2. If this Court concludes that it continues to have jurisdiction over Anderson's petition, what is the proper remedy if the BOP miscalculated the date Anderson became eligible to begin earning ETCs?
3. If this Court concludes that jurisdiction no longer exists, can Anderson's § 2241 petition be transferred to the United States District Court for the District of Nevada, or any other federal district court that has jurisdiction over his current custodian?
It is further
ORDERED that the Clerk of Court's Office mail a copy of this Order to Kareen Anderson's last known address on record and mail a copy to the United States Probation Office, District of Nevada, Foley Federal Building and U.S. Courthouse, 300 Las Vegas Blvd South, Suite 1200, Las Vegas, NV 89101.
Early in his case, Anderson was notified of his obligation to keep this Court apprised of any future change in address.

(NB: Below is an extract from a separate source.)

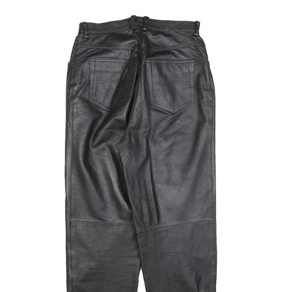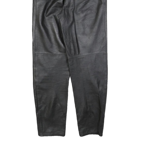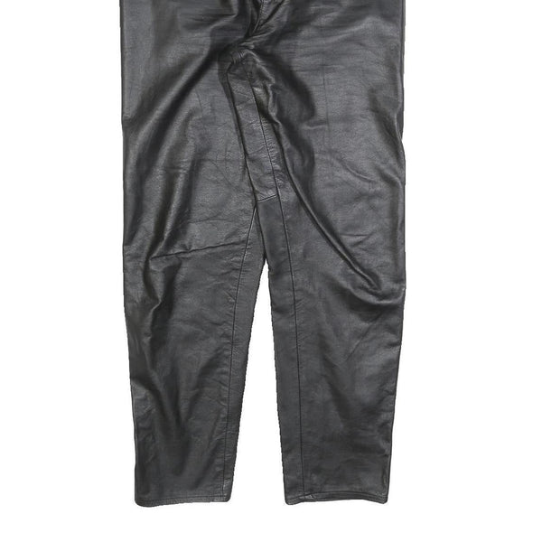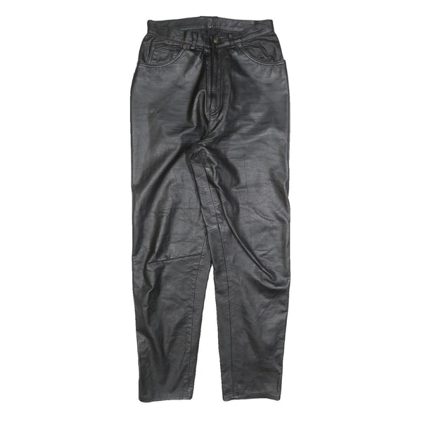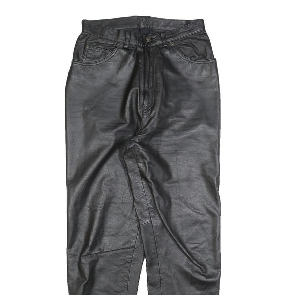 Womens Black Leather Regular Fit Trousers W28 L30 Zip Closure Stylish Pocketed

Doc. 3 (“The plaintiff must keep the Court informed if the plaintiff s address changes. If the Court is not kept informed and multiple items are returned as undelivered, the plaintiff's case may be dismissed without prejudice for failure to prosecute.”). If Anderson has in fact been released from FPC Yankton, he has not yet updated his address. If his address has changed, Anderson should provide an updated address to the Clerk of Court's Office for the District of South Dakota, Southern Division, so he does not risk dismissal of his petition for failing to prosecute.